You are working at a sports association whose members range in age from 8 to 30
The association collects a large amount of health data, such as sustained injuries.
You are storing this data in BigQuery.
Current legislation requires you to delete such information upon request of the subject.
You want to design a solution that can accommodate such a request.
What should you do?
Click on the arrows to vote for the correct answer
A. B. C. D.B.
Sure, I'd be happy to provide a detailed explanation of each answer option for you.
A. Use a unique identifier for each individual. Upon a deletion request, delete all rows from BigQuery with this identifier. This option suggests using a unique identifier for each individual and deleting all rows associated with that identifier upon a deletion request. This is a straightforward approach that would ensure that all of an individual's data is deleted when requested. However, it may be overly broad, as the request may not necessarily require all data associated with the individual to be deleted. Additionally, deleting all of an individual's data may result in the loss of valuable insights that could be gained from analyzing the data.
B. When ingesting new data in BigQuery, run the data through the Data Loss Prevention (DLP) API to identify any personal information. As part of the DLP scan, save the result to Data Catalog. Upon a deletion request, query Data Catalog to find the column with personal information. This option suggests using the DLP API to identify personal information in the data and storing the results in Data Catalog. This approach would allow for easy identification of the personal information in the data upon a deletion request, which would make it easier to comply with the legal requirement to delete the information. However, it may require additional effort and resources to set up and maintain the DLP scan and Data Catalog.
C. Create a BigQuery view over the table that contains all data. Upon a deletion request, exclude the rows that affect the subject's data from this view. Use this view instead of the source table for all analysis tasks. This option suggests creating a view over the table containing all data and excluding the rows that affect the subject's data from the view upon a deletion request. This approach would allow for continued analysis of the remaining data while complying with the legal requirement to delete the subject's data. However, it may require additional effort to set up and maintain the view, and it may not be practical if the subject's data is spread across multiple rows or columns.

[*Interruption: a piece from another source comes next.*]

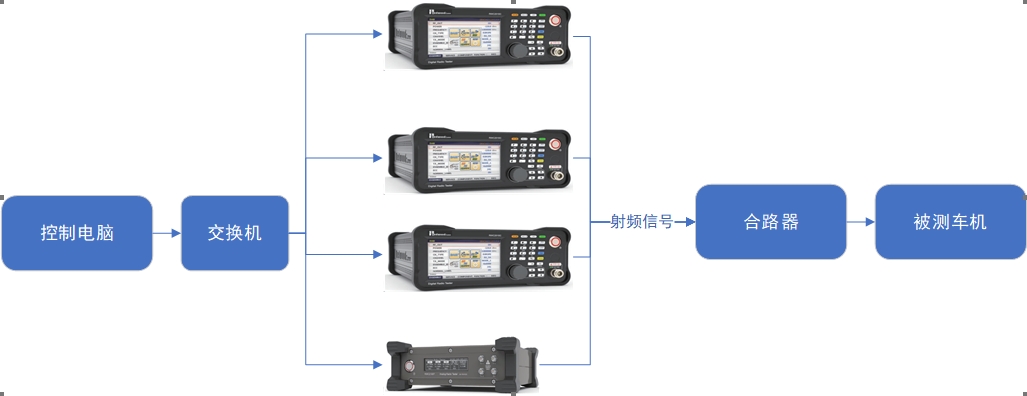 首先進(jìn)行硬件設(shè)備的連接準(zhǔn)備。使用網(wǎng)線與交換機(jī)將控制電腦與三臺(tái)RWC2010C與一臺(tái)RWC2100F相連接(以下將使用設(shè)備1、設(shè)備2、設(shè)備3分別表示三臺(tái)RWC2010C,使用設(shè)備4表示RWC2100F),在控制軟件上確認(rèn)設(shè)備的接通狀態(tài)。將四臺(tái)設(shè)備輸出的信號(hào)經(jīng)過(guò)合路器后輸入給被測(cè)車機(jī)進(jìn)行測(cè)試。

D. Use a unique identifier for each individual. Upon a deletion request, overwrite the column with the unique identifier with a salted SHA256 of its value. This option suggests using a unique identifier for each individual and overwriting the identifier column with a salted SHA256 of its value upon a deletion request. This approach would ensure that the data is no longer identifiable to the individual while preserving the rest of the data for analysis. However, it may not comply with the legal requirement to delete the data, as the data would still exist in the database, albeit in an anonymized form.
In summary, all of the options have their pros and cons, and the best approach would depend on the specific requirements and constraints of the situation. Option B may be the most comprehensive and flexible approach, as it allows for easy identification and deletion of personal information while still preserving the rest of the data for analysis.